蒸馏技术有助于将繁琐的神经网络转换为紧凑型网络,从而可以将模型部署在其他硬件设备上。基于蒸馏的方法的主要优点包括简单的培训过程,大多数现成的深度学习软件支持的培训以及对硬件的特殊要求。..

Joint Architecture and Knowledge Distillation in CNN for Chinese Text Recognition

The technique of distillation helps transform cumbersome neural network into compact network so that the model can be deployed on alternative hardware devices. The main advantages of distillation based approaches include simple training process, supported by most off-the-shelf deep learning softwares and no special requirement of hardwares.In this paper, we propose a guideline to distill the architecture and knowledge of pre-trained standard CNNs simultaneously. We first make a quantitative analysis of the baseline network, including computational cost and storage overhead in different components. And then, according to the analysis results, optional strategies can be adopted to the compression of fully-connected layers.
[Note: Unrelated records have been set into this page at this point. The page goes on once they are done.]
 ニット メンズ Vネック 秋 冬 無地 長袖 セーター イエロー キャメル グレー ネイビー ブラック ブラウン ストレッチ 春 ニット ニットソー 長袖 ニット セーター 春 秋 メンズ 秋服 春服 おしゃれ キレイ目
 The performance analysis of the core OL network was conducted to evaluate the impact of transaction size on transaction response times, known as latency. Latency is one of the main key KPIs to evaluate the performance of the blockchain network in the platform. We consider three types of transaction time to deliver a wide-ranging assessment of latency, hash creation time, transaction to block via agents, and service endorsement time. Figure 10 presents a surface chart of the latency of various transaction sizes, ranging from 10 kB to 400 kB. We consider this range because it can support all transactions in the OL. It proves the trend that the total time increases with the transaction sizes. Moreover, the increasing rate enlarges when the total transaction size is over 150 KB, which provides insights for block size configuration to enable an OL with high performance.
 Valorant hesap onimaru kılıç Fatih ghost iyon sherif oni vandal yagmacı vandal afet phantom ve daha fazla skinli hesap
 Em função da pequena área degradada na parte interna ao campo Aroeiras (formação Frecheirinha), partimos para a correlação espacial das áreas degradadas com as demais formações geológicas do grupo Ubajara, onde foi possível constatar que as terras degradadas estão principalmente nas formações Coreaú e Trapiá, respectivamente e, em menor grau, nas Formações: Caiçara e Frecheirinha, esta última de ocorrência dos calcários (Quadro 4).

For vanilla convolution layers, the proposed parsimonious convolution (ParConv) block only consisting of depthwise separable convolution and pointwise convolution is used as a direct replacement without other adjustments such as the widths and depths in the network. Finally, the knowledge distillation with multiple losses is adopted to improve performance of the compact CNN. The proposed algorithm is first verified on offline handwritten Chinese text recognition (HCTR) where the CNNs are characterized by tens of thousands of output nodes and trained by hundreds of millions of training samples. Compared with the CNN in the state-of-the-art system, our proposed joint architecture and knowledge distillation can reduce the computational cost by >10x and model size by >8x with negligible accuracy loss. And then, by conducting experiments on one of the most popular data sets: MNIST, we demonstrate the proposed approach can also be successfully applied on mainstream backbone networks.